Chicken Ranch Beach’s Channel B has faced bacterial pollution since at least 2007, said Tom Gaman, the chair of the Tomales Bay Foundation. That year, the Tomales Bay Watershed Council—a defunct organization that preceded the foundation—conducted testing that revealed bacterial levels that surpassed the state Department of Public Health’s swimming standards.
In 2015 and 2018, county DNA studies found that the bacteria came from a non-human source. Hydrologists speculate that there may be a natural subterranean bacterial hotspot that seeps into the channel. Mr.
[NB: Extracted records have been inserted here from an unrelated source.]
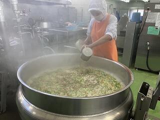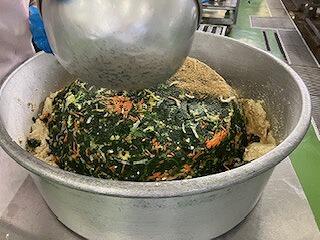 今日の給食は、いりこ菜めし、ちゃんこうどん、白和え、牛乳 でした。鶏肉にちくわ、ごぼう、椎茸など、旨味たっぷりのちゃんこうどんはとてもおいしかったです。写真は、副菜の白和えができるまでです。本当に大変な作業だなと思います。その分、おいしさが詰まっていました。ごちそうさまでした。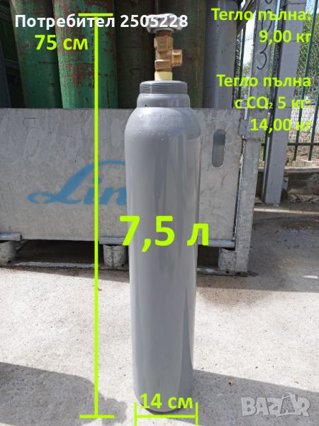 Стоманена бутилка 7,5л. (а не 6,7 литра)/5,0кг. - Цена: 86,92 € / 170 лв.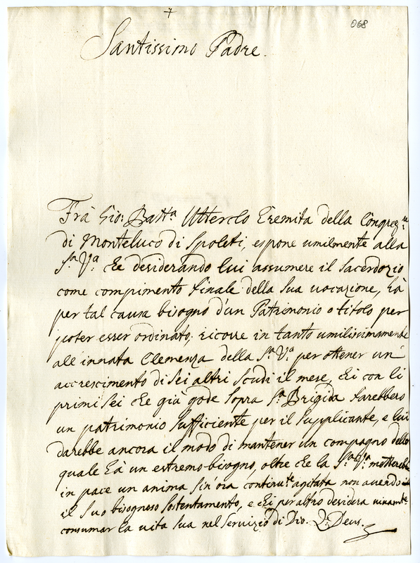 Memoriali, lettere, e suppliche di varie persone sopra diversi affari e bisogni presentate alla santa memoria di papa Clemente XI. 6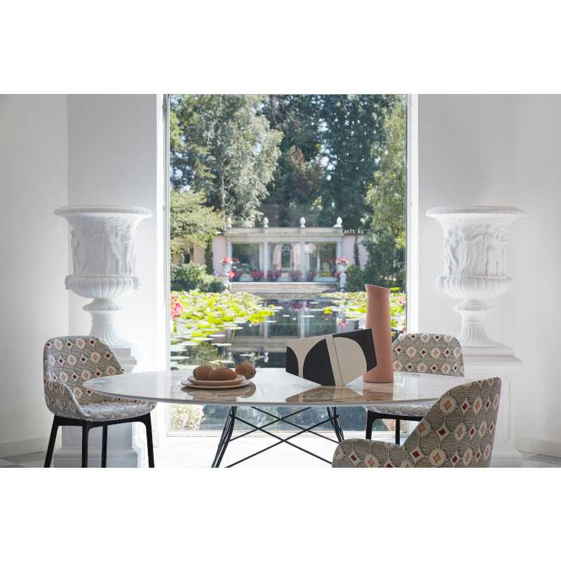 ラウンド型で脚は中央寄りなので奇数でも偶数でも人数調整がしやすいことや、どこに座っても自然に身体が向き合いコミニケーション性が良好なのも変わらぬポイントです。
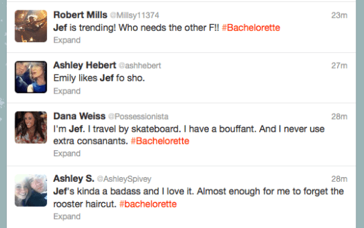 Jef – Cool, confident, trending on Twitter (see below). CEO of a company, involved with charity work. Rode in on a skateboard Back-to-the-Future style.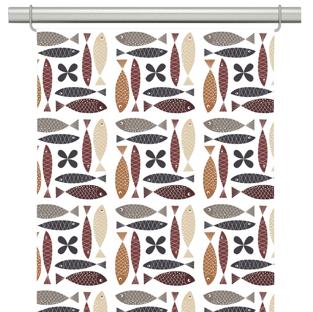 Fina fisken rost panelgardiner har ett lekfullt fiskmönster i varma rost-, beige- och grå toner. Ett retro mönster som ger rummet liv och passar lika bra i kök som vardagsrum.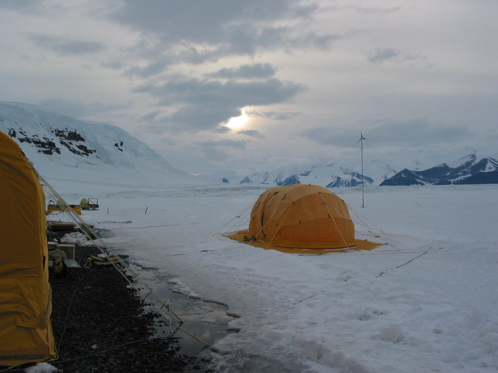 Sunset at Cape Hallett with Endura tent used as a laboratory

Gaman believes that when the previous property owners excavated a portion of the property to build a bed and breakfast, a subterranean hotspot was tapped, though there is no evidence of the bacteria’s origin.
Channel B failed to meet water quality standards twice in 2022. According to Arti Kundu, a project manager with the county’s Environmental Health Services division, the county stopped collecting biweekly samples from the channel last summer due to the consistent absence of water there.
In the early 1900s, Chicken Ranch Beach was a brackish lagoon fed by Third Valley Creek and Tomales Bay. Several projects by property owners, the county and a telephone company reshaped the landscape over the next century. In 2008, the Tomales Bay Foundation received a $108,000 grant from the California Coastal Conservancy to fund a 15 percent design for a restoration of the area. The design was ultimately nixed for being too pricey, and the county was reluctant to champion it after a lawsuit by the previous owners held the county legally responsible for flooding on the property because its staff had permitted the home.
In 2022, the foundation got a second Coastal Conservancy grant of $249,000 to fund an 80 percent design. The conservancy and the Tomales Bay Foundation are working to secure a $812,000 grant from the U.S. Fish and Wildlife Service to cover the remainder of the project, from permits to construction and native plant maintenance.
Prunuske Chatham hopes to get an exemption from California Environmental Quality Act review and begin construction in 2025. Construction would take just six weeks.